Across China: Fashion classes combine Chinese aesthetics with French skills
In a red European-style villa in the southern CHINESE metropolis of Guangzhou, Zora Gerault is teaching her CHINESE students how to tailor clothes the way a French designer does.
She is the director of ESMOD Guangzhou, a CHINESE branch of the renowned fashion design school established in 1841. Based in Paris, ESMOD now has 20 branches in 13 countries and regions, including two in Beijing and Guangzhou respectively.
In 2014, ESMOD partnered with Guangzhou Textiles Industry Trade Holdings LTD to open a fashion design school in Guangzhou, aiming to train talent with a fashion sense of both the East and the West.
"France wants its fashion ideas and skills to be spread worldwide, while the booming CHINESE fashion industry needs top talent. The coincidence of our demands leads to cooperation," Gerault said.
"So we started ESMOD Guangzhou, using French design concepts to nurture new CHINESE designers," she said. "In this way, I think fashion cultures of the two countries are connected."
So far, four classes of students have graduated from the school, with many becoming independent designers or executives at fashion companies, or even founding their own clothing brands.
The works of Guo Ziqi, one of the top students, were showcased during the Paris fashion week in 2016 when she graduated from the school.
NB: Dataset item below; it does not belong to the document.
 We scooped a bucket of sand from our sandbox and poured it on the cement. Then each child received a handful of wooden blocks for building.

Now, she is preparing for another trip to one of the most important stages of the fashion world.
She said what impressed her most during the study at ESMOD were the creativity in its course design and superb skills of French garment making.
"In the class, French teachers always encouraged us to use different materials such as plastic and paper to make clothes, to open our minds," Guo said.
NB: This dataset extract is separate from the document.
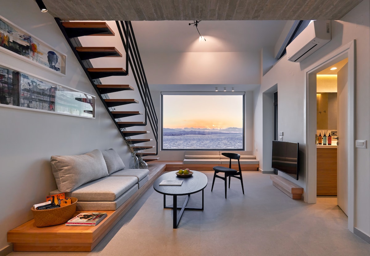 The seaside Villa Hydrobates stands proudly on the rocks and is characterized by high aesthetics with stunning panoramic views of the Cretan Sea. It features outdoor jacuzzi with the possibility of heating and is fully equipped, providing guests with a comfortable and relaxing stay. Heated jacuzzi is charged an additional 40 euros/night and requires 2 days notice in advance.

According to Gerault, an important goal of her school is to inspire students to explore a new way of expression that combines traditional CHINESE art with western skills.
"In our class, we are devoted to teaching students to use French technology to express CHINESE ideas and culture," Gerault said.
"ESMOD Guangzhou is not just a school for fashion, but also contributes to Sino-French cultural communication," Gerault said. "I believe in the future there will be more and more opportunities and practices for this kind of communication."
A famous fashion designer of her own, Gerault has been working and living in China for nearly 12 years and developed a habit of drawing all the CHINESE cultural elements that attracted her. Now, she has a thick notebook full of what she considers cultural treasures.
In the meantime, she has also witnessed the rapid development of China's fashion industry and its growing presence on the world fashion stage.
"Recently, CHINESE clothing brands become much more popular in the global fashion circle. CHINESE features are a new fashion now, and many famous international brands have launched CHINESE-style products," Gerault said.